Writers for The Guardian, RenewEconomy, many journalists at the ABC, and probably every Teal Independent, argue that the current crisis proves that coal is the problem. After all, the coal infrastructure is to blame, so we wouldn’t have these issues if it wasn’t there, right? But the current issue is being caused by only a partial supply shortfall of coal power. What if we lost it all?
At the risk of repeating myself, I must stress: wind and solar can’t solve this problem. 100 per cent supply shortfalls of solar are a daily occurrence. It’s called nighttime. Supply shortfalls of wind are a weekly occurrence at least. The NEM was operating on only 1 per cent wind just two days ago. Comparing solar/wind supply with coal is to make a category error. One cannot replace the other until we have bulk energy storage infrastructure, which currently, simply, does not exist.
Last year, the IEA ‘Net Zero’ roadmap received two different receptions. Some perceived it as what it claimed to be: a pathway for Net Zero 2050. Where the report said that all government, people, private sector across the whole world would have to ‘work together’ to ‘act immediately’, they believed that this is what must surely happen because Net Zero by 2050 is the only option.

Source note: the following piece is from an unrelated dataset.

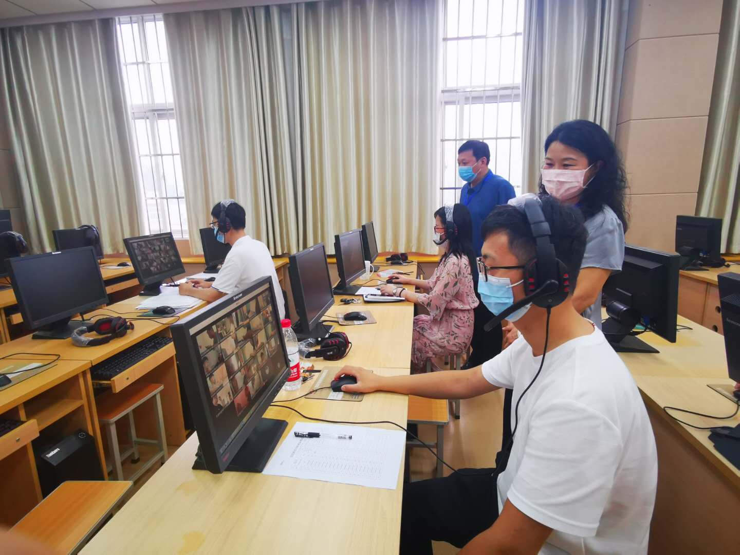 国际教育学院2019-2020学年第二学期期末线上考试于6月29起全面展开。学院领导对期末考试考务工作高度重视,自6月29日起,beat365党政领导班子及教学部相关同志分期分批到逸夫楼301语音实验室对期末考试线上集中监考工作进行巡视。

Others (like me) received the report as a clear statement that Net Zero by 2050 is doomed. When it listed seven things that would all have to happen in order to achieve Net Zero by 2050, and all of them were virtually impossible, and on further inspection, its assessment of the state of technology was even optimistic… It didn’t look like a roadmap to a place this planet is going anytime soon. In my view, unless a significant technological advancement comes along, we will not be achieving Net Zero by 2050.
The current buzzword is ‘the energy transition’. Note the definite article ‘the’ – it is spoken about as if it is a fact, and yet it is not a transition driven by natural causes. Any natural drivers for change – such as scarcity or competitiveness of new technology – are many decades away. This is a transition that requires a forced change. Hence, the persistent focus of its proponents on government action and divestment.

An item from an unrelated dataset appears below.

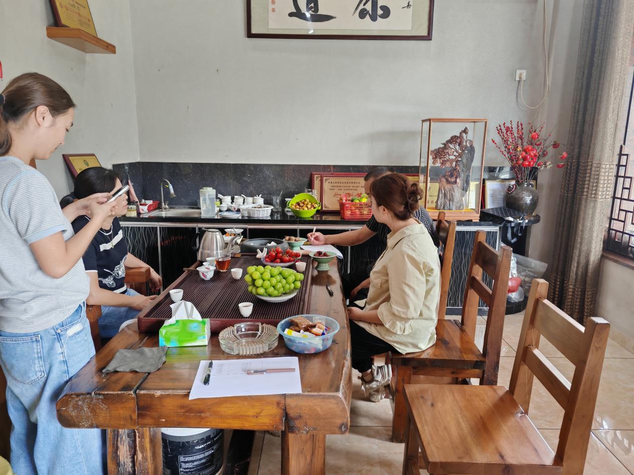 同日,星村村调研小队在村干部的带领下深入星村村进行入户调研。星村村为武夷山市第一大行政村,位于九曲溪上游,辖区内分布有知名茶企,调研过程中可见家家户户均设有小规模家庭制茶作坊。访谈中,有茶企提及生态茶园管理的多元模式:部分茶农依托国家补贴领取有机肥,减少化肥农药支出;另有茶农结合自身生产经验采取特色管理措施,生产出更符合预期的茶叶。这一发现拓宽了调研团队对生态茶园管理措施的认知,为后续工作奠定基础。

Yet this is our power supply that they are messing with. When there are supply shortfalls in the electricity market, people die. And they don’t die in twenty years due to global temperature rises, they die tomorrow. Unlike the ‘climate emergency’, electricity supply shortfalls actually meet the definition of an emergency.
If Australian billionaires and investors wish to effect an energy transition, then they are free to build the technology needed to do it. They can build batteries and develop tidal technology, geothermal, or solar, they can support better housing insulation, they can make hydrogen or ammonia or biogas, they can make electric vehicles… They can do whatever floats their boats. But until they have, they need to stop demonising and sabotaging the infrastructure that already exists and is keeping us alive.
That’s the reality, and reality always wins.